(Stored records)

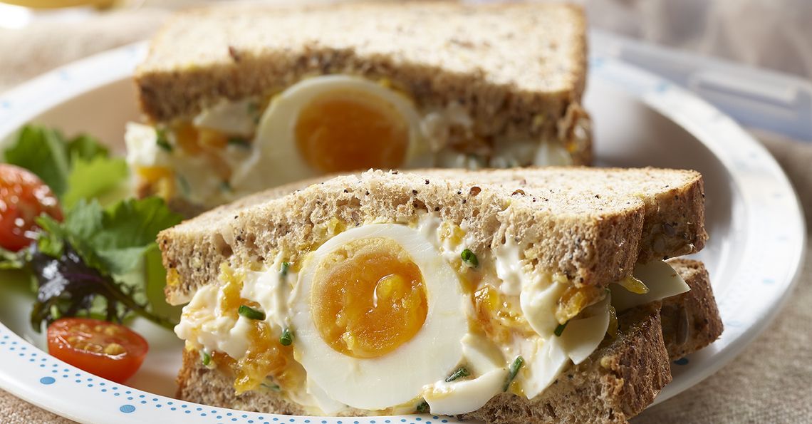 - Divide half the egg mayonnaise between two slices of bread, place one of the eggs in the centre of each, then cover with the rest of the egg mayo. Top with the slices of bread and cut in half. Wrap for a feast on the go.
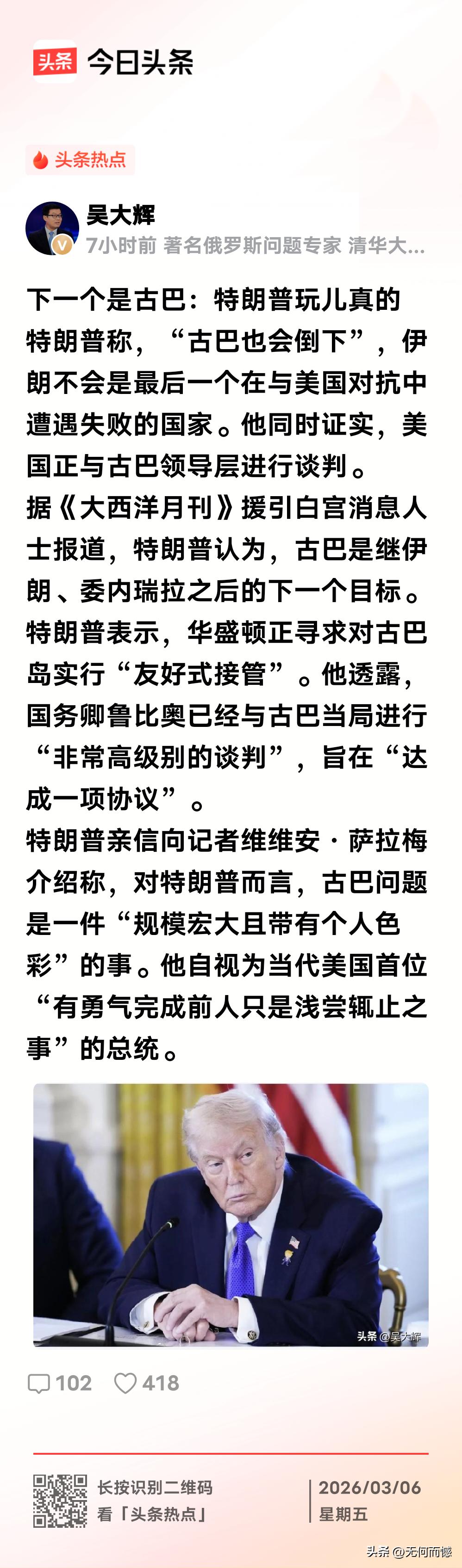 老特真是够疯狂的了,在对伊朗的打击还没有取得预期效果的情况下,现在又惦记上古巴了,这胃口真是够大的了,感觉他的路线图就是先拿下委内瑞拉,接着再拿下伊朗,然后再解决古巴,可这仅仅是一厢情愿的想法,现在伊朗就够他喝一壶的了,他能否全身而退,都是一个未知数!
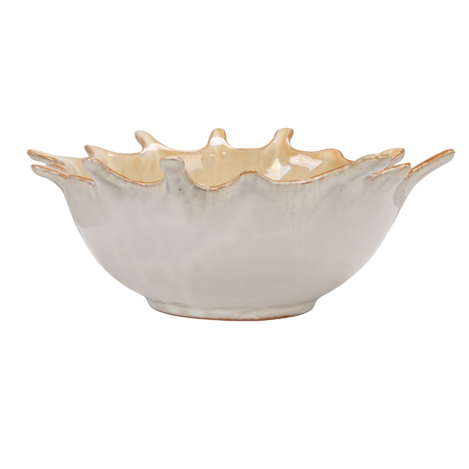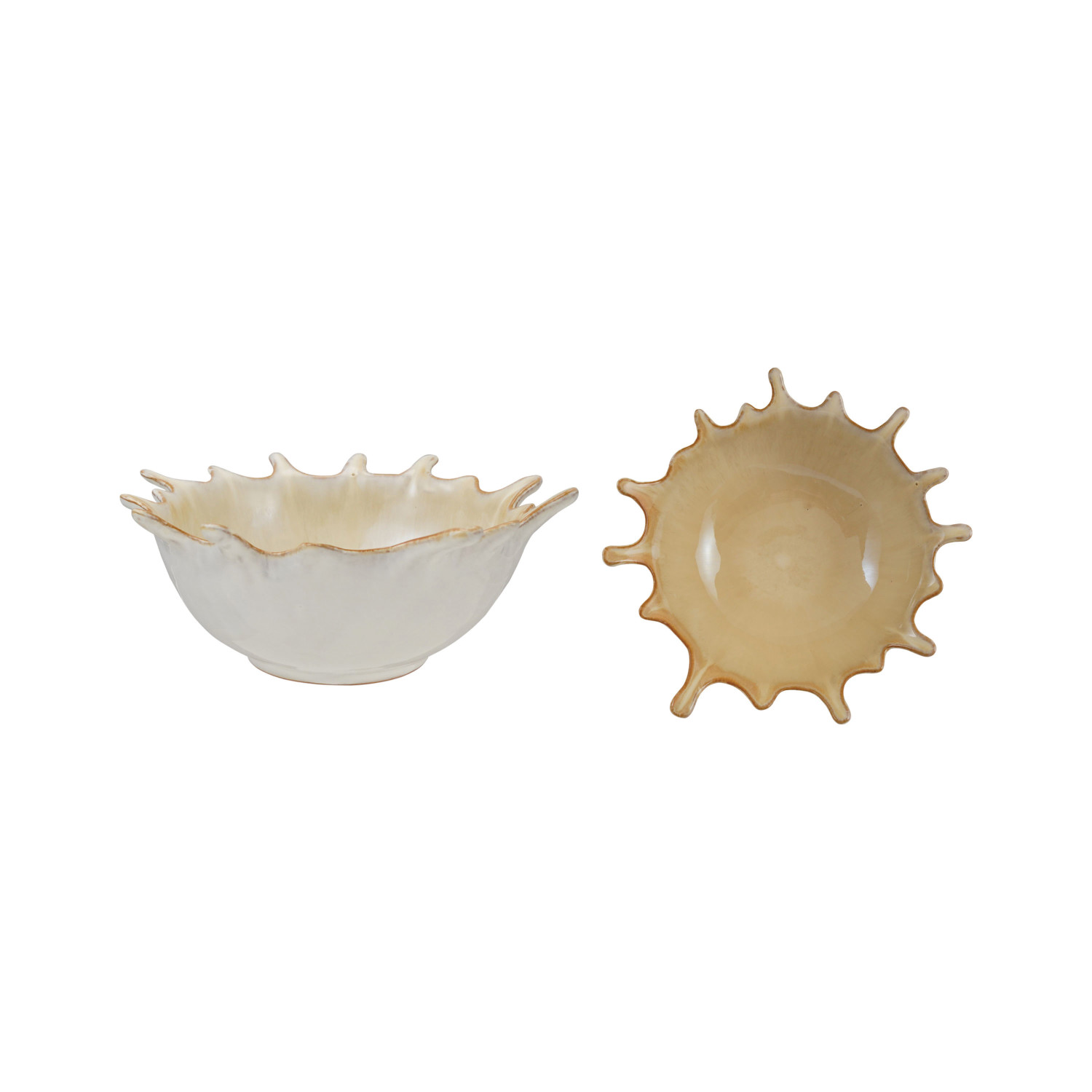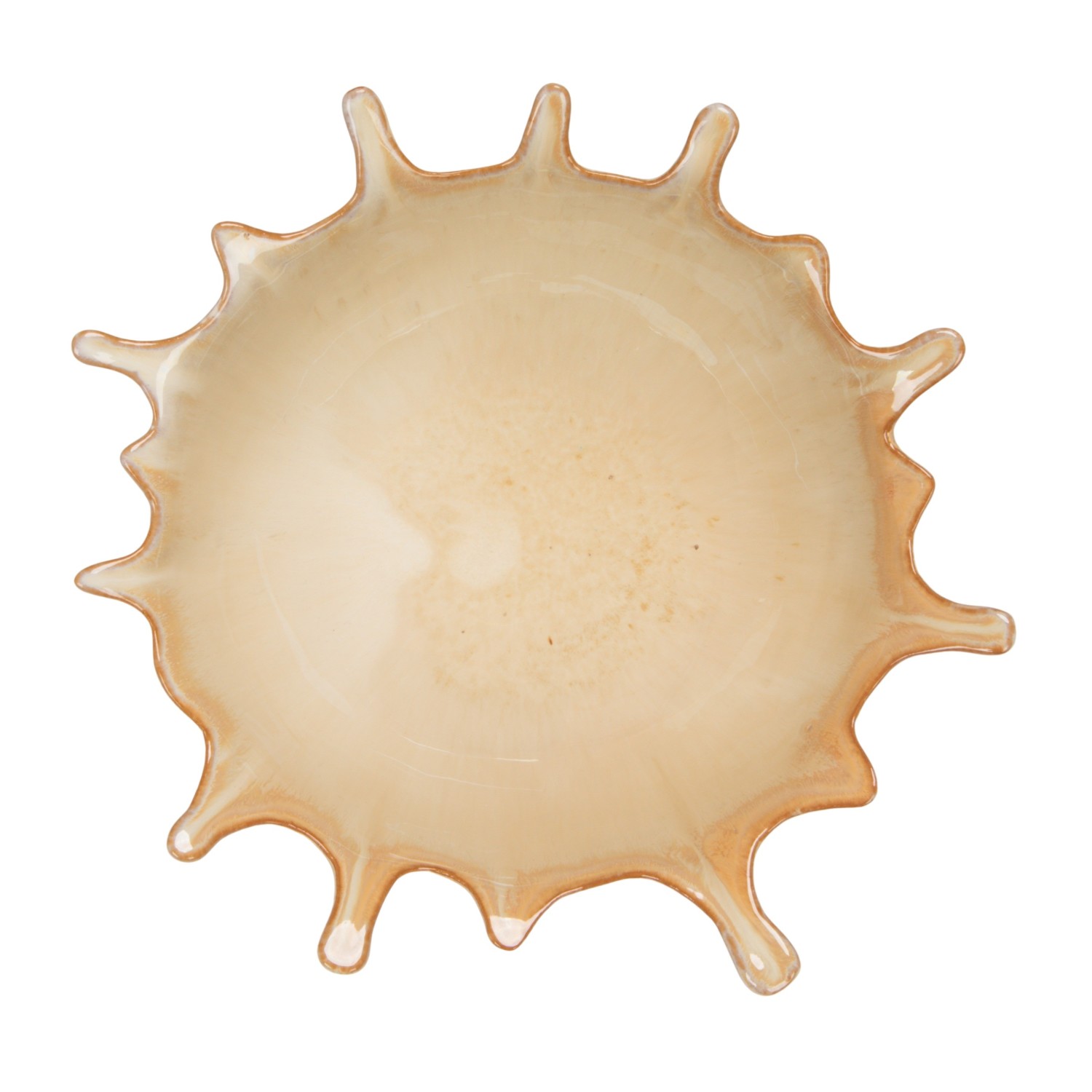 Catalog Name: 9-1/4"L x 8-1/4"W x 3-1/4"H Stoneware Sunburst Bowl, Reactive Glaze, Cream Color (Each One Will Vary)
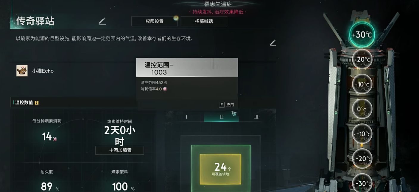 新剧本中,熵素成为了一个重要的资源。它不仅是新材料,也充当着雪国的货币。熵素在很多地方都能找到,尤其是在温控塔附近。熵素的用途很多,最重要的莫过于投放在温控塔中,它能帮助你获得所需的酸液,进而帮助你制造更多的高级物资。
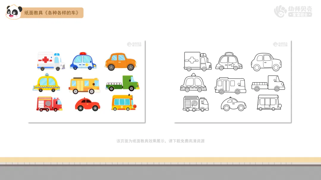 1.分发绘画材料与纸面教具“各种各样的车”,播放背景音乐,幼儿尝试作画,教师巡回指导。
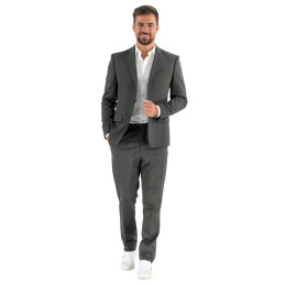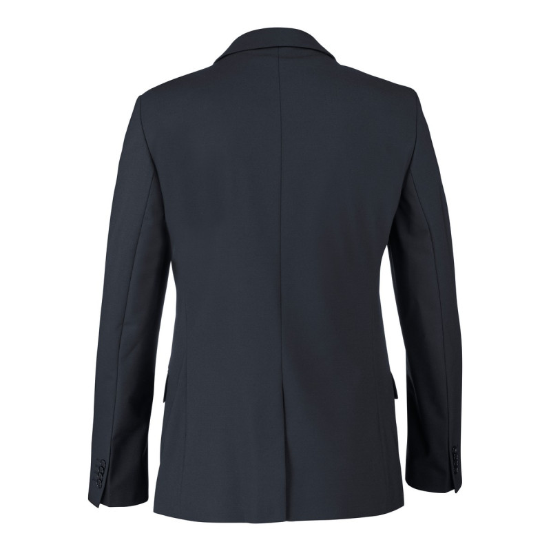 Veste costume homme doublé. Manches longues avec fente et boutons boutonnières. 2 poches basses double passepoil à rabat. Fermeture 2 boutons milieu devant. Poche poitrine oblique. 1 fente milieu dos. 1 boutonnière au col. 3 poches intérieures.
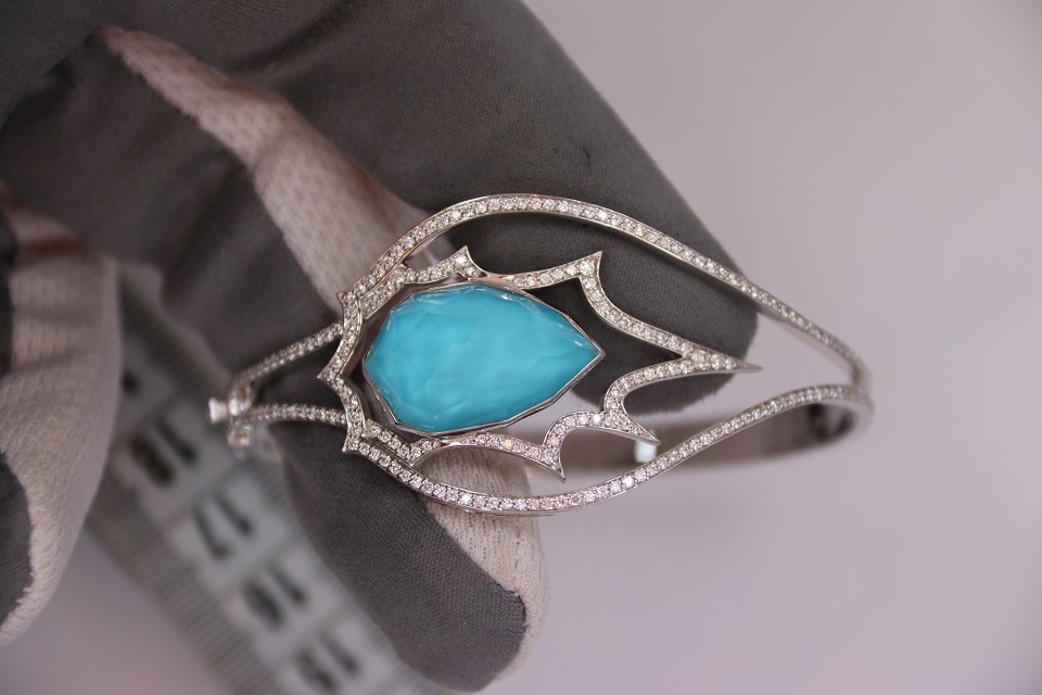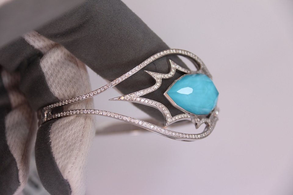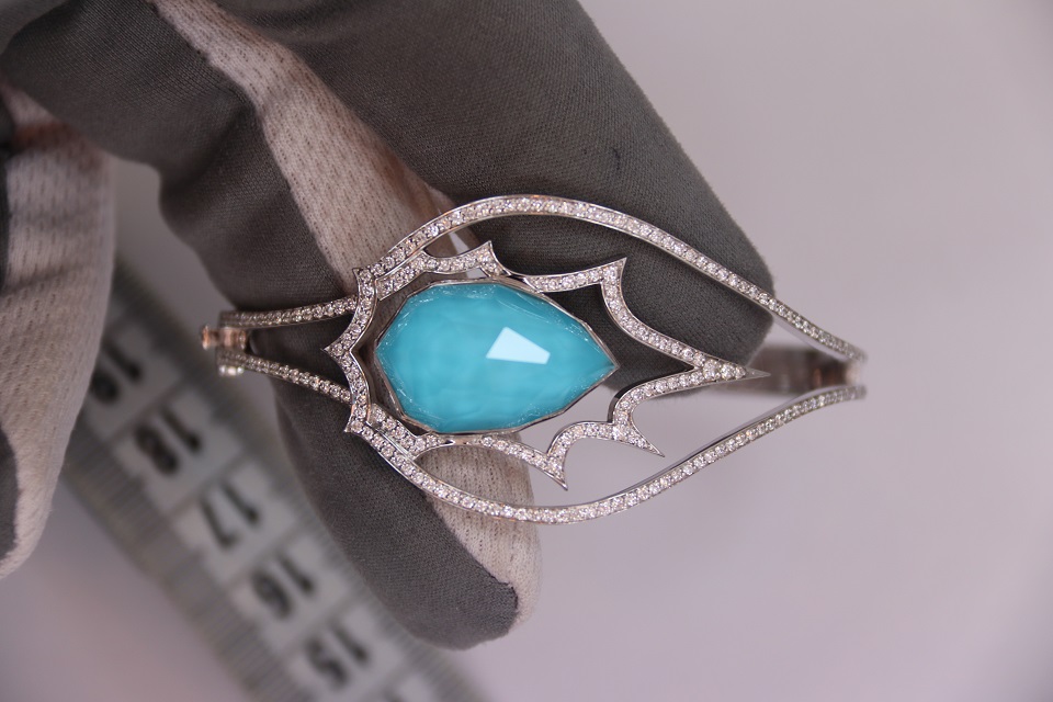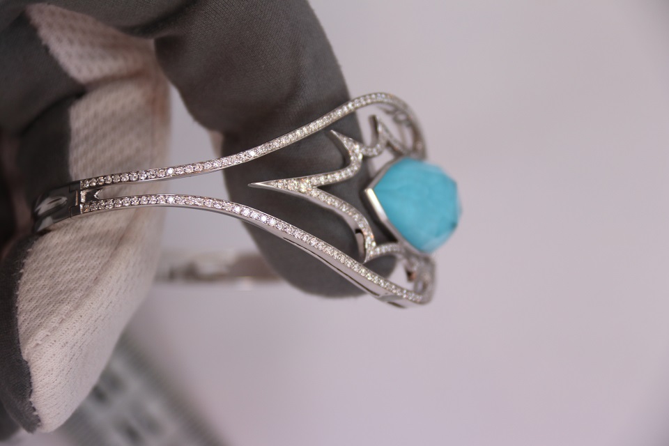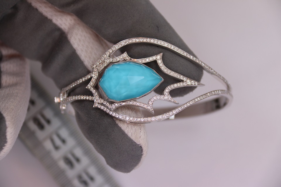 Неспешно продается новый золотой браслет с бирюзой и бриллиантами

THE PROBLEM
Please set down the lines above word for word and leave out the pictures.

WORKED SOLUTION
 - Divide half the egg mayonnaise between two slices of bread, place one of the eggs in the centre of each, then cover with the rest of the egg mayo. Top with the slices of bread and cut in half. Wrap for a feast on the go.
 老特真是够疯狂的了,在对伊朗的打击还没有取得预期效果的情况下,现在又惦记上古巴了,这胃口真是够大的了,感觉他的路线图就是先拿下委内瑞拉,接着再拿下伊朗,然后再解决古巴,可这仅仅是一厢情愿的想法,现在伊朗就够他喝一壶的了,他能否全身而退,都是一个未知数!
 Catalog Name: 9-1/4"L x 8-1/4"W x 3-1/4"H Stoneware Sunburst Bowl, Reactive Glaze, Cream Color (Each One Will Vary)
 新剧本中,熵素成为了一个重要的资源。它不仅是新材料,也充当着雪国的货币。熵素在很多地方都能找到,尤其是在温控塔附近。熵素的用途很多,最重要的莫过于投放在温控塔中,它能帮助你获得所需的酸液,进而帮助你制造更多的高级物资。
 1.分发绘画材料与纸面教具“各种各样的车”,播放背景音乐,幼儿尝试作画,教师巡回指导。
 Veste costume homme doublé. Manches longues avec fente et boutons boutonnières. 2 poches basses double passepoil à rabat. Fermeture 2 boutons milieu devant. Poche poitrine oblique. 1 fente milieu dos. 1 boutonnière au col. 3 poches intérieures.
 Неспешно продается новый золотой браслет с бирюзой и бриллиантами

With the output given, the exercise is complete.